The task: Would you please copy the part of the material below that opens with the line containing "Pegatina redonda de" and closes with the line containing "Printable math worksheets surface area"? Copy it exactly, and only it.

Input material:
^^^^^^^^

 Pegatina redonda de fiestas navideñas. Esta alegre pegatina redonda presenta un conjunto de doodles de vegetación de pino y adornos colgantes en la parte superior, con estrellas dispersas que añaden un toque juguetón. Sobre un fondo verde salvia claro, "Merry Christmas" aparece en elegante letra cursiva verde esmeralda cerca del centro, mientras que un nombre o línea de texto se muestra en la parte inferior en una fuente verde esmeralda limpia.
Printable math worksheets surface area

^^^^^^^^

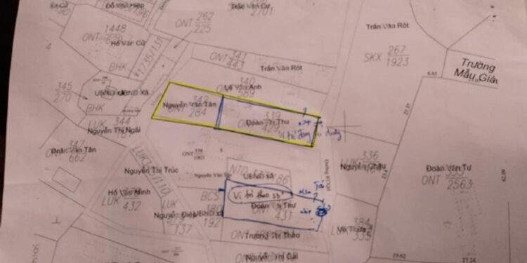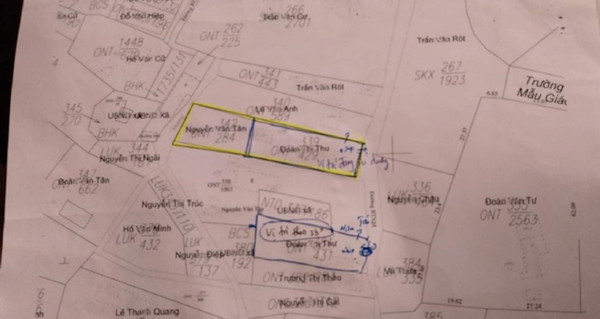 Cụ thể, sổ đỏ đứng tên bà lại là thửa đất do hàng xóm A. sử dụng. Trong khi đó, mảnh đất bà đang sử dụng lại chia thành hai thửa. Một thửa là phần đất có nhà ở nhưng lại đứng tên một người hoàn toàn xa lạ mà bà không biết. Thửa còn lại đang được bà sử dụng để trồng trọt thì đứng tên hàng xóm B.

^^^^^^^^

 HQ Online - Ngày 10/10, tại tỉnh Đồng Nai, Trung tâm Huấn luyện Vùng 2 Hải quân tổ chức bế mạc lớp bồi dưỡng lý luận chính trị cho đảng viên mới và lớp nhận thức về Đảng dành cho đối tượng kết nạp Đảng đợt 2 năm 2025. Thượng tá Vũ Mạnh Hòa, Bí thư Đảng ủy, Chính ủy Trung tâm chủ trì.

^^^^^^^^

Result of the task:
 Pegatina redonda de fiestas navideñas. Esta alegre pegatina redonda presenta un conjunto de doodles de vegetación de pino y adornos colgantes en la parte superior, con estrellas dispersas que añaden un toque juguetón. Sobre un fondo verde salvia claro, "Merry Christmas" aparece en elegante letra cursiva verde esmeralda cerca del centro, mientras que un nombre o línea de texto se muestra en la parte inferior en una fuente verde esmeralda limpia.
Printable math worksheets surface area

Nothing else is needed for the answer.